Waiting

Waiting.  Many recipes require it.  When making bread, you must wait for the dough to rise., before punching it down and waiting again.  Some cookies require you to wait while the dough chills in the refrigerator or freezer before you can continue on with slicing, rolling it out or baking.  Slow cookers, of course, embody the wait – although the hours of waiting time perfume the air with the deliciousness that is to come.  Winemaking requires waiting as does really fine cheese, crème fraiche, kombucha, Amish Friendship bread and other sweetbreads made with a starter, a really great steak marinade my family often makes requires at least a day or two and homemade pickles can keep you waiting four or five weeks.  When the waiting is over, however, you’re sure to be rewarded with something really special; something so scrumptious that it was worth the wait.

Once we leave the kitchen, however, the waiting may not necessarily be so fruitful.   We wait for finances to improve so we can breathe easier and maybe get a new car.  We wait for the weekend, wait for the weather to improve so we can finally enjoy the outdoors again or anxiously wait for a telephone call or a visit from a loved one to make the solitude and quiet go away, at least for a little while.  Some wait for the day we finally find the one and know someone’s got our back no matter what.  We wait for the day we don’t have to go to sleep alone and wake up just as alone.  What will the next chapter of life bring; fresh new beginnings or just more waiting?

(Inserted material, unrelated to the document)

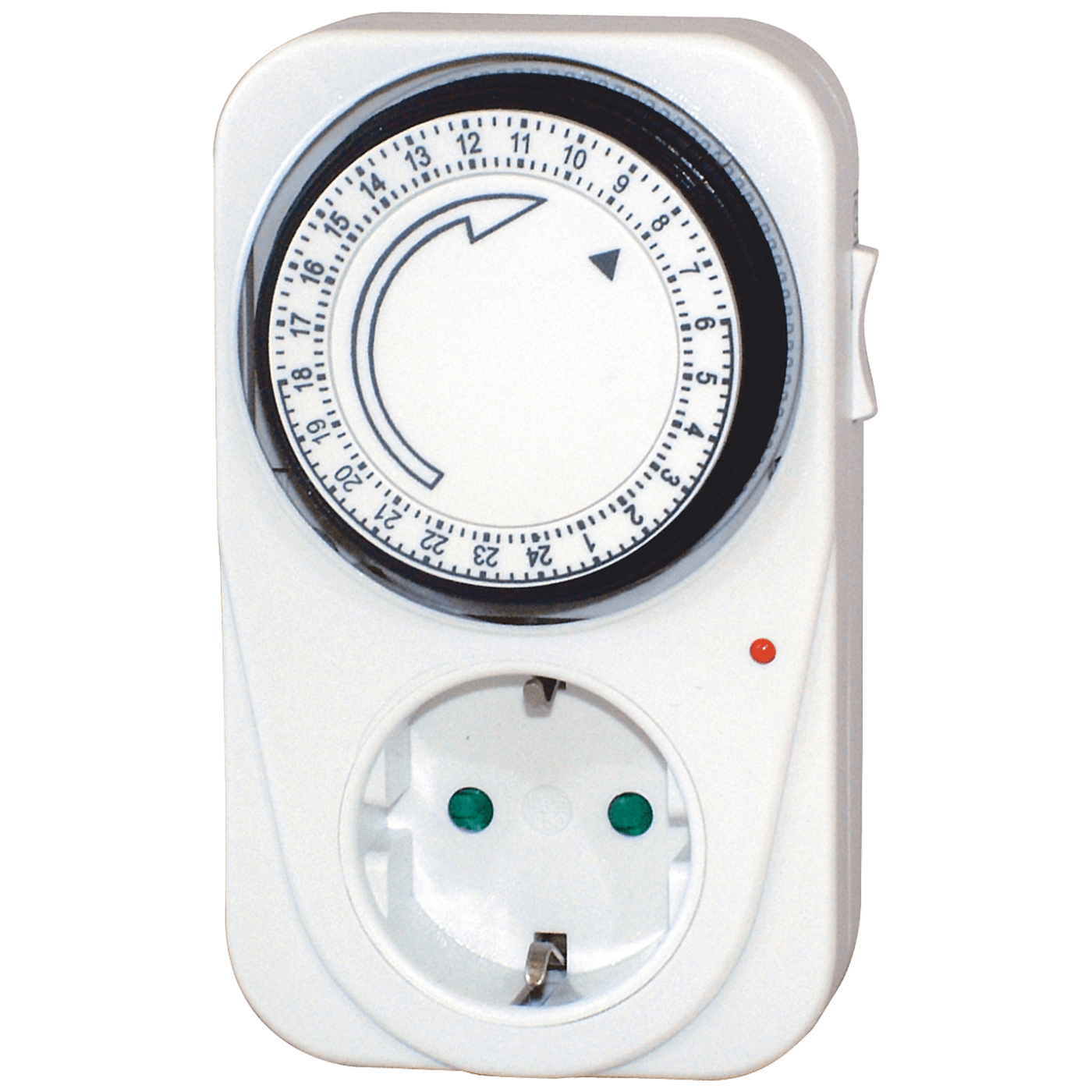 Mehanički programator vremena, 24 satno programiranje sa vremenskim intervalima od 15 minuta, napajanje 250 V ~ / 16 A / 3500 W, IP20, zaštita za djecu Garancija: 12 mjeseci

The difference here is that unlike the reward that waiting in the kitchen certainly brings, there is no certainty the things we wait for in all the other rooms of our lives will ever come to pass.  What if all the plodding along through the days and weeks, working, eating, sleeping, working, eating sleeping, never develop into anything more?

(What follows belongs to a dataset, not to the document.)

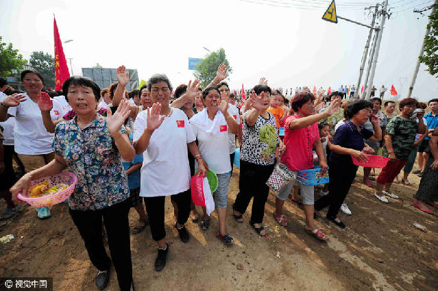 2016年8月4日,河北邢台,抗洪官兵撤离,百姓洒泪挥别。 图片作者:冰咖啡/视觉中国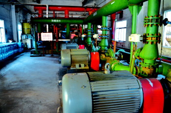 ◥济钢1号高炉泵站内,冲渣水在这里换热。 本报记者 王光照 摄

I think about things that are or certainly would be worth the wait – the next time I get to see and laugh with my girls, my older daughter’s Tuscan wedding next year, and one day, some sweet faces that echo their mothers’ calling me gran.

And so I wait – not so patiently for all that I long for and hope will be.  I’ll climb into bed alone once more, heave a big sigh and go to sleep resolving to bake some bread this weekend – at least that’s a sure thing.